They were looking for student astronauts to come and be at JPL for a couple days
during operations of Spirit and Opportunity.
And Emily was the leader of this
program. I went ahead and I applied because who wouldn't want to apply to something like that?
That kind of set the ball rolling, you know, for the few months leading up to the landing.
Emily had us all on telecons, you know, as high school kids, teaching us, okay, here's what
basalt is, here's what olivine is. Let me introduce you to
some very basic image processing. Let me tell you all about the rovers. Let's talk about the
different parts on them and the instruments. And so we'd learned all that and then came out to JPL
and Emily shepherded us around and introduced us to the science team, the engineering team,
and we got to be in the room with them for operations and landing
during that really special time in the mission. This was actually why I was hired at the Planetary
Society, was to work on Red Rover Goes to Mars. I'd had a master's degree in planetary science.
I'd been a middle school science teacher for two years. Then I followed my husband out to Los
Angeles and had been working for a year as an environmental consultant, not very happily in a corporate environment.
And I just stumbled across this job listing for the Planetary Society was looking for somebody who could run an education program involved in this space mission.
I said, I think my resume fits that.
That's how I got here.
So these students are why I'm at the Planetary Society.
I got to select 16 amazing kids from all over the world.
The two Americans, I'm proud to say, are now doing planetary science or space science in America.

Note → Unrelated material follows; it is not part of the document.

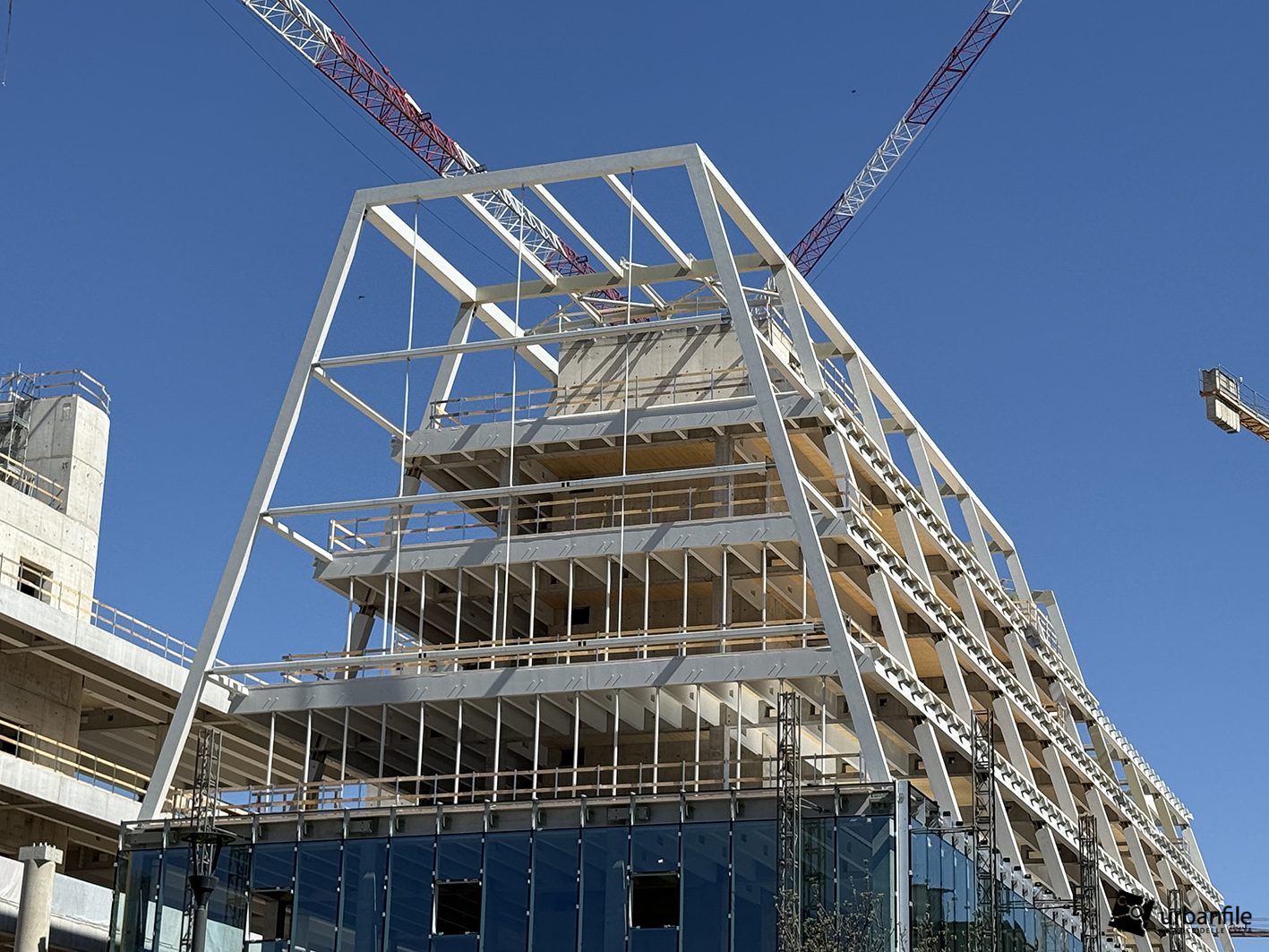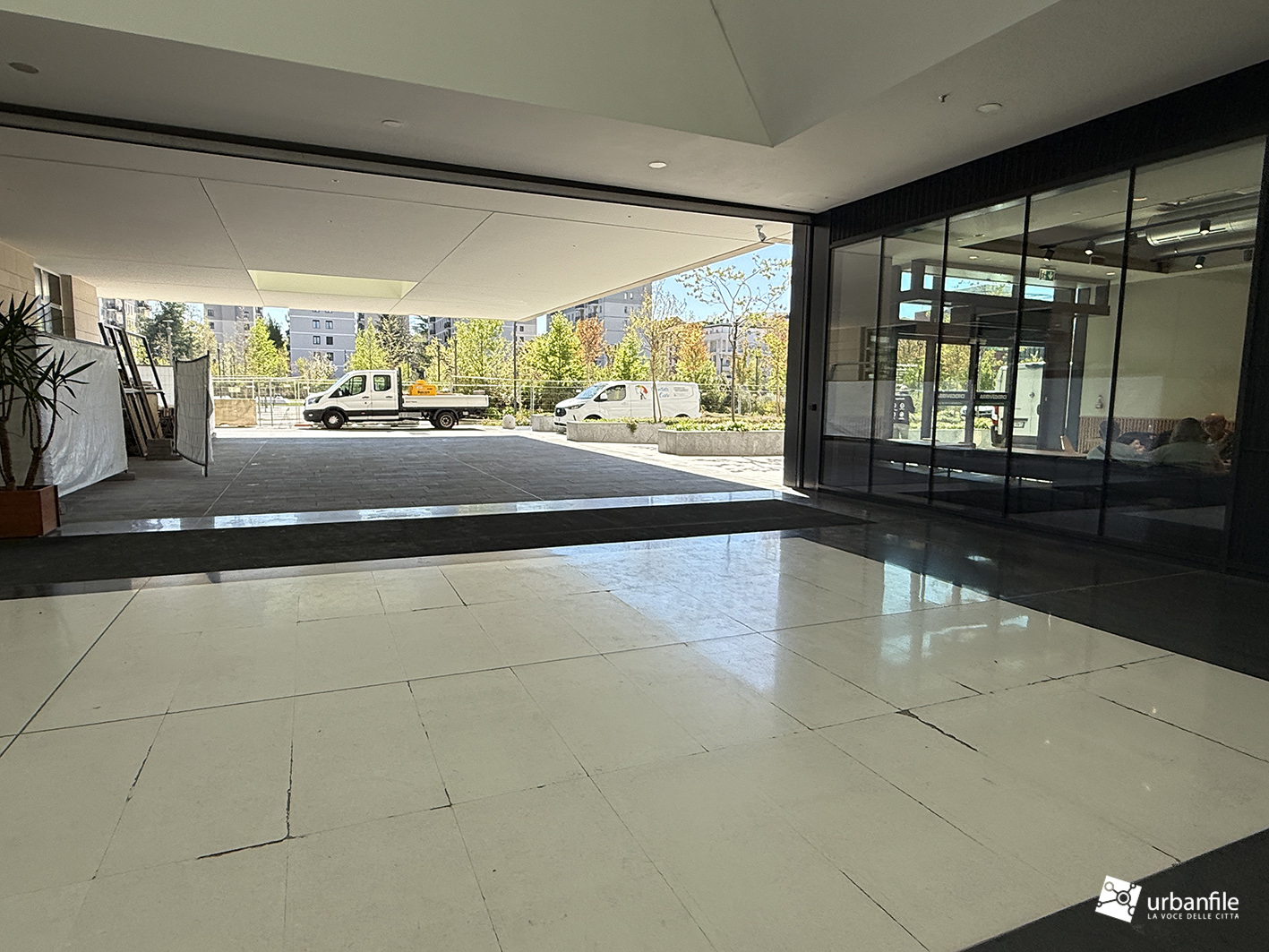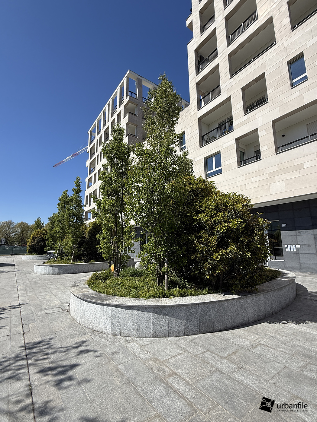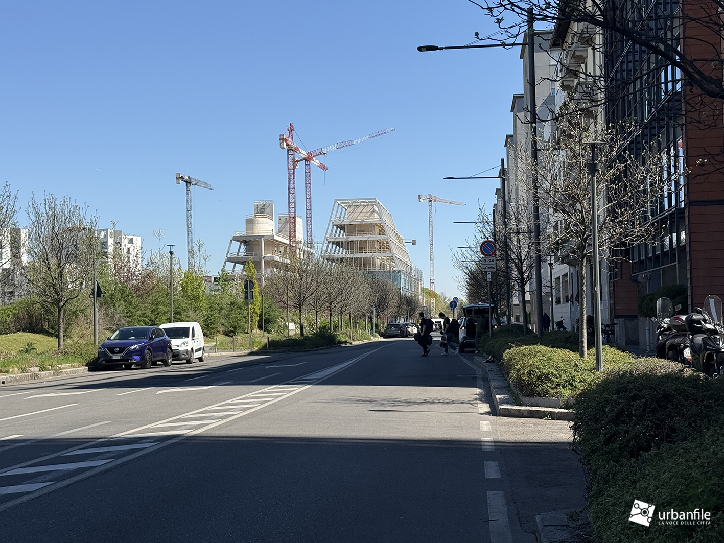 Il resto dell’area in cantiere è la seguente: aree comuni e percorsi pedonali ancora da ultimare, così come il cantiere dell’Hotel. Collegamento con viale Umbria aperto.

The
other one is Courtney Dressing, who's an exoplanet astronomer now. But there were kids all over the
world. We got to bring them together. They got to witness mission operations. They started blogging
on our website before blogging was even a thing. And it was just a wonderful introduction and to have the opportunity to be inside the actual
operations of a mission is something I had never been involved in before. And it was just such a
privilege. And I'm so grateful for it. Pretty successful program. Not a bad result. We got to
talk about some of the stuff that I know you must be dying to talk about,
about this mission. Oh, yeah. Science accomplishments, engineering accomplishments.
It could go on and on. Well, these rovers, I've had the opportunity to write a lot about the place
of these rovers and other Mars missions in Mars exploration. And it really is, having gone back
to research how this mission came to be and how the Curiosity mission
came to be. It's really quite amazing to remember that before Spirit and Opportunity landed, we
weren't sure that Mars had sedimentary rocks. We weren't sure that it had had a water cycle
where there was precipitation that washed down hills and brought sediment deposit turned to rock.
down hills and brought sediment deposit turned to rock. And Opportunity especially almost immediately proved the existence of a sedimentary rock cycle on Mars, proved that it was habitable
really before Curiosity got there, that it was a habitable environment. And so that I think just
looking, that was just amazing. And it was also a triumph for seeing mineralogy from space. We saw the hematite using what now seem
like fairly primitive instruments on Mars Global Surveyor, but hematite was the one mineral.
Hematite is an iron oxide. It's sometimes sold as Apache tears. It's got a gray metallic appearance.
It requires water to form. And sure enough, Opportunity found it on the surface. You know how rare it is for
one mission to actually confirm as correct the conclusion of a previous mission? It doesn't
happen that often in planetary science. It's happening more often now. And so I think those
are the two most amazing things. But then, of course, Opportunity continued to roll across
the surface, as did Spirit. So I'm actually wondering, what do you guys, Abby and John, what do you feel are your most proud scientific accomplishments of
the mission? Well, I think for Opportunity, it was getting to the rim of Endeavor Crater.
From orbit, we had new instruments that came into orbit after Opportunity landed, in particular,
the Compact Reconnaissance Imaging Spectrometer
for Mars, or CRISM, which is another instrument designed to look at mineralogy slightly different
way than the one that had originally detected the hematite.
And with CRISM, we saw that there were clays in the rim of Endeavor Crater.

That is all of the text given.